What is wanted is the full listing, word for word, without its pictures.

BEGIN

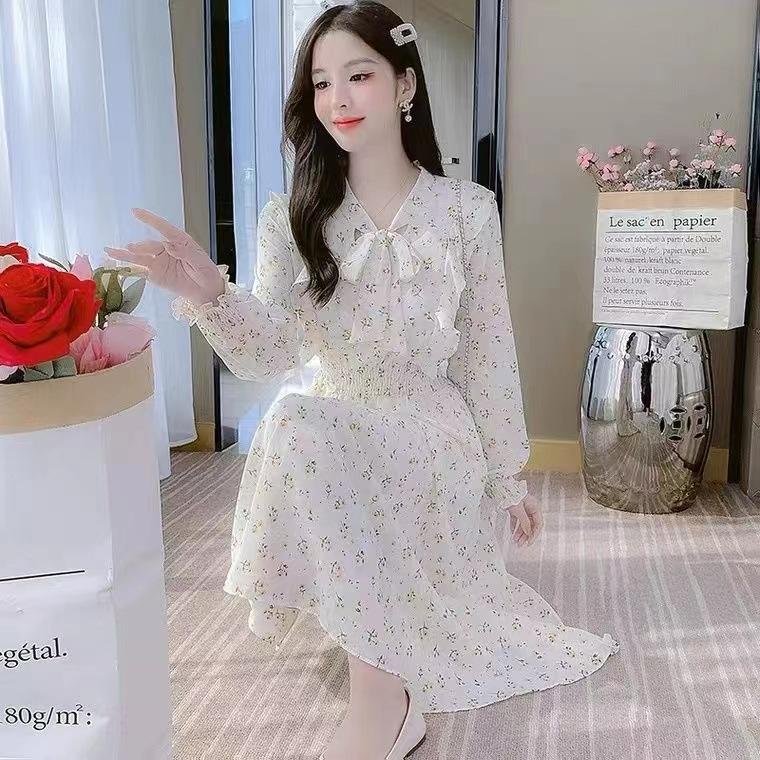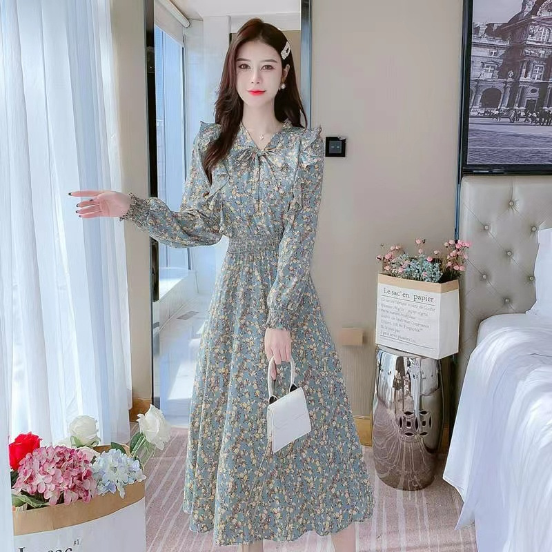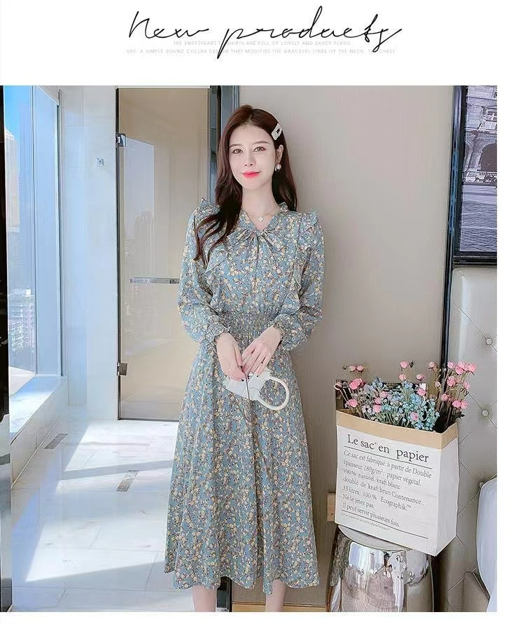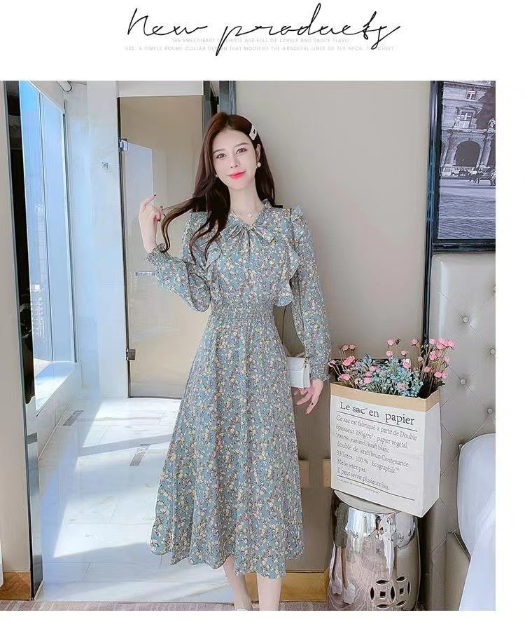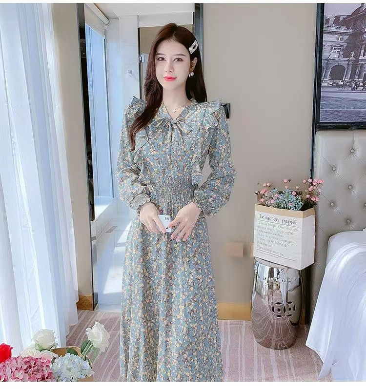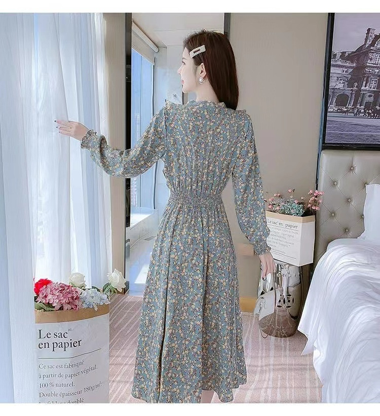 대외 무역, 주문하기 전에 진짜 프랑스 주름진 꽃 원피스 여성의 가을 새로운 허리를보십시오.스토어 가기
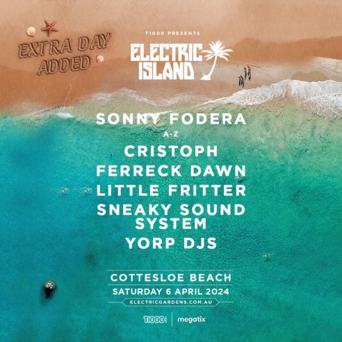 Due to overwhelming demand for the ‘Electric Island’ Sunday show on Cottesloe Beach, organisers are excited to announce there will be a second show on the day preceding – Saturday 6th April.
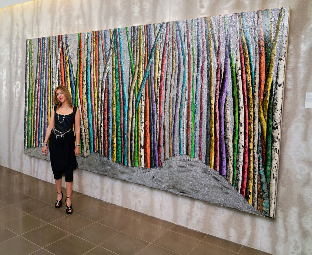 Shabat may long to be free, but in that longing for freedom she also finds a deep and intense love for children. It’s impossible to miss the shapes and forms of children throughout her work, usually appearing faceless. “They are present all the time,” she said, “the children in my paintings.” It seems like a bit of a paradox at first, to paint persistently of liberation, but then focus simultaneously on the presence of children. It isn’t that she paints them to point out that they are a burden; it’s the opposite. “It’s love,” she said, “and they are very intriguing. Children have their own mind, and that’s how I live.”
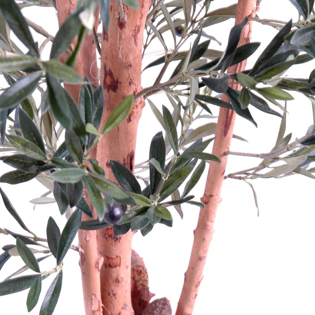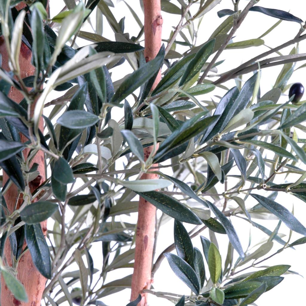 Le tronc noueux, élément incontournable de cet olivier, est fabriqué à partir de bois véritable, apportant ainsi une authenticité incomparable à l'ensemble. Le feuillage en tergal, de haute qualité reproduit à merveille les délicates feuilles d'olivier à la perfection pour un rendu visuel impressionnant.
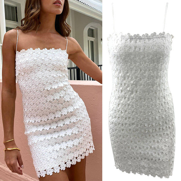 This captivating lace dress exudes a sophisticated and alluring aesthetic, combining a bold square neckline with a figure-hugging bodycon silhouette. The hollow-out detailing adds a daring and eye-catching element, creating a visually striking and modern look. Hope you like it.
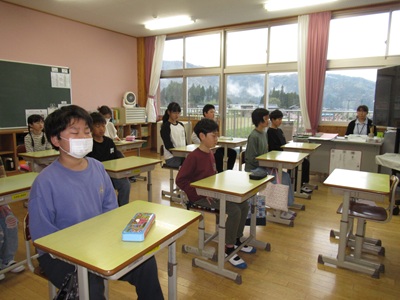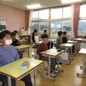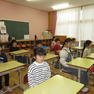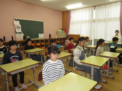 本校では昨年に引き続き、朝の会に1分間、「立腰タイム」を行っています。椅子にきちんと座り、背筋を伸ばして、1分間、目を閉じて、呼吸と気持ちを整えます。立腰タイムの効果には、姿勢をよくすることやきちんと呼吸を行うことで、酸素を体中に取り込み、集中力を高めることがあります。1年間、毎日継続していきます。
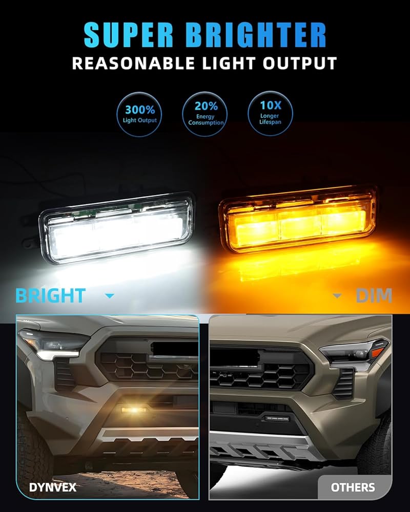 【1:1 Perfect Fitment】Fit for 2024-2025 Tacoma Extended Cab 2-Door Crew Cab 4-Door; Tundra 2022-2024, the LED fog lights flawlessly replace OEM parts: 812100C050/ 812200C040/ TO2593146/ TO2592146. With a perfect size that matches the original car, won't add any extra burden. Not only elevate the grade of your vehicle and look more fashionable than ever before but also improve your visibility and safety on the road effortlessly. Verify your vehicle's year and model for a seamless upgrade.

END

> [OUTPUT]
 대외 무역, 주문하기 전에 진짜 프랑스 주름진 꽃 원피스 여성의 가을 새로운 허리를보십시오.스토어 가기
 Due to overwhelming demand for the ‘Electric Island’ Sunday show on Cottesloe Beach, organisers are excited to announce there will be a second show on the day preceding – Saturday 6th April.
 Shabat may long to be free, but in that longing for freedom she also finds a deep and intense love for children. It’s impossible to miss the shapes and forms of children throughout her work, usually appearing faceless. “They are present all the time,” she said, “the children in my paintings.” It seems like a bit of a paradox at first, to paint persistently of liberation, but then focus simultaneously on the presence of children. It isn’t that she paints them to point out that they are a burden; it’s the opposite. “It’s love,” she said, “and they are very intriguing. Children have their own mind, and that’s how I live.”
 Le tronc noueux, élément incontournable de cet olivier, est fabriqué à partir de bois véritable, apportant ainsi une authenticité incomparable à l'ensemble. Le feuillage en tergal, de haute qualité reproduit à merveille les délicates feuilles d'olivier à la perfection pour un rendu visuel impressionnant.
 This captivating lace dress exudes a sophisticated and alluring aesthetic, combining a bold square neckline with a figure-hugging bodycon silhouette. The hollow-out detailing adds a daring and eye-catching element, creating a visually striking and modern look. Hope you like it.
 本校では昨年に引き続き、朝の会に1分間、「立腰タイム」を行っています。椅子にきちんと座り、背筋を伸ばして、1分間、目を閉じて、呼吸と気持ちを整えます。立腰タイムの効果には、姿勢をよくすることやきちんと呼吸を行うことで、酸素を体中に取り込み、集中力を高めることがあります。1年間、毎日継続していきます。
 【1:1 Perfect Fitment】Fit for 2024-2025 Tacoma Extended Cab 2-Door Crew Cab 4-Door; Tundra 2022-2024, the LED fog lights flawlessly replace OEM parts: 812100C050/ 812200C040/ TO2593146/ TO2592146. With a perfect size that matches the original car, won't add any extra burden. Not only elevate the grade of your vehicle and look more fashionable than ever before but also improve your visibility and safety on the road effortlessly. Verify your vehicle's year and model for a seamless upgrade.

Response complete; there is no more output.